# [DATA RECORDS]
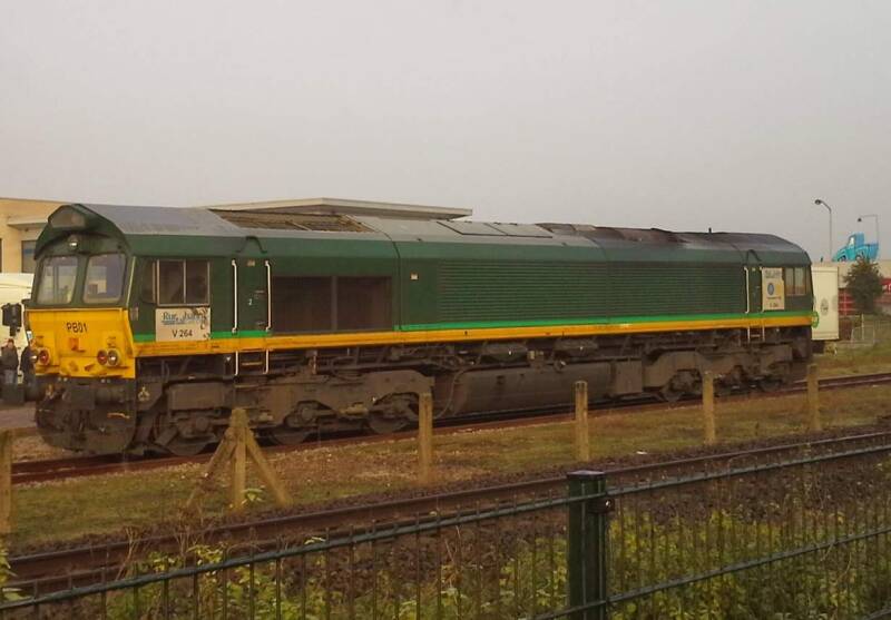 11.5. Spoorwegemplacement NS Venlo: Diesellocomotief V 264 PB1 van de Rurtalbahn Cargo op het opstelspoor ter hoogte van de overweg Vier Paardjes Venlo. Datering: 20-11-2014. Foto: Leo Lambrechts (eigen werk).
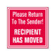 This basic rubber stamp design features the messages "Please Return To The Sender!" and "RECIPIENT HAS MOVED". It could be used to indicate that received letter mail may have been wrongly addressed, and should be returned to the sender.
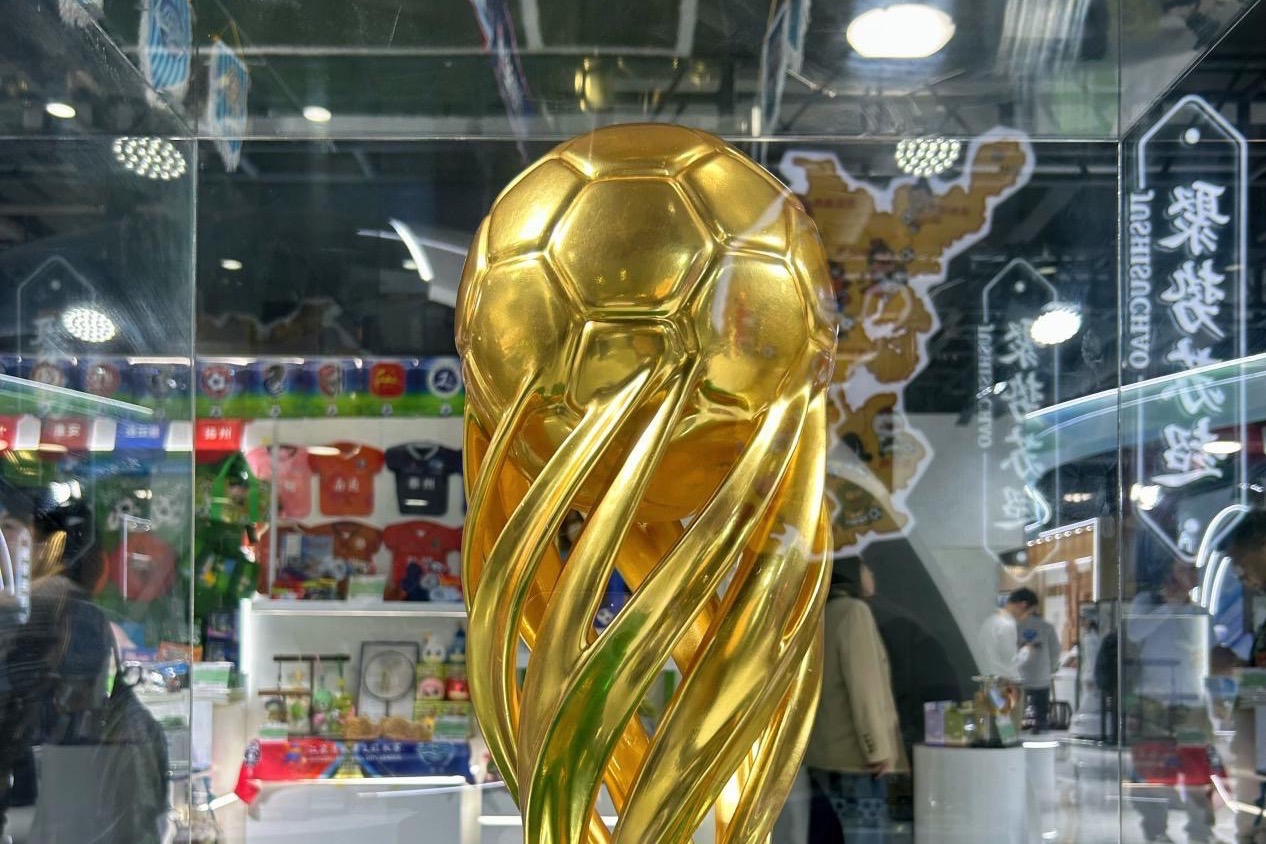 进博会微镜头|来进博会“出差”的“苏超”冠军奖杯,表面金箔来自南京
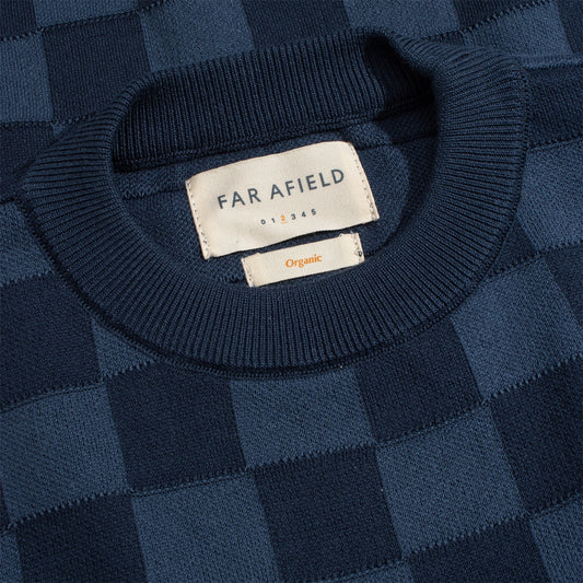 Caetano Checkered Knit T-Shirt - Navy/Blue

--

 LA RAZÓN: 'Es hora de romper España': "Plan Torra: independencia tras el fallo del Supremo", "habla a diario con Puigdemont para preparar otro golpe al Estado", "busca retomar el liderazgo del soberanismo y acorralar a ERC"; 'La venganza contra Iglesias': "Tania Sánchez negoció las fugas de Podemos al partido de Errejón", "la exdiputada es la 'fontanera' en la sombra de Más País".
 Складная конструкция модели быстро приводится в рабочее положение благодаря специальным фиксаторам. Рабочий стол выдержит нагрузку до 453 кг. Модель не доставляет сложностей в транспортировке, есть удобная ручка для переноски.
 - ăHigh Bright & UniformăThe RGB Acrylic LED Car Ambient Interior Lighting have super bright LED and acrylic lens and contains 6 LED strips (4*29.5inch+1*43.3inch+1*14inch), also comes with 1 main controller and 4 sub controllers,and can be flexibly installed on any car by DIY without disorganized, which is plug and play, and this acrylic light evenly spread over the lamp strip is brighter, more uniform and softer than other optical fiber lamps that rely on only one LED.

# [TASK TO COMPLETE]
Starting at the line above that contains "LA RAZÓN: 'Es", write out each line exactly until the line that contains "- ăHigh Bright" has been written, and stop there.

# [ANSWER FOR THE TASK]
 LA RAZÓN: 'Es hora de romper España': "Plan Torra: independencia tras el fallo del Supremo", "habla a diario con Puigdemont para preparar otro golpe al Estado", "busca retomar el liderazgo del soberanismo y acorralar a ERC"; 'La venganza contra Iglesias': "Tania Sánchez negoció las fugas de Podemos al partido de Errejón", "la exdiputada es la 'fontanera' en la sombra de Más País".
 Складная конструкция модели быстро приводится в рабочее положение благодаря специальным фиксаторам. Рабочий стол выдержит нагрузку до 453 кг. Модель не доставляет сложностей в транспортировке, есть удобная ручка для переноски.
 - ăHigh Bright & UniformăThe RGB Acrylic LED Car Ambient Interior Lighting have super bright LED and acrylic lens and contains 6 LED strips (4*29.5inch+1*43.3inch+1*14inch), also comes with 1 main controller and 4 sub controllers,and can be flexibly installed on any car by DIY without disorganized, which is plug and play, and this acrylic light evenly spread over the lamp strip is brighter, more uniform and softer than other optical fiber lamps that rely on only one LED.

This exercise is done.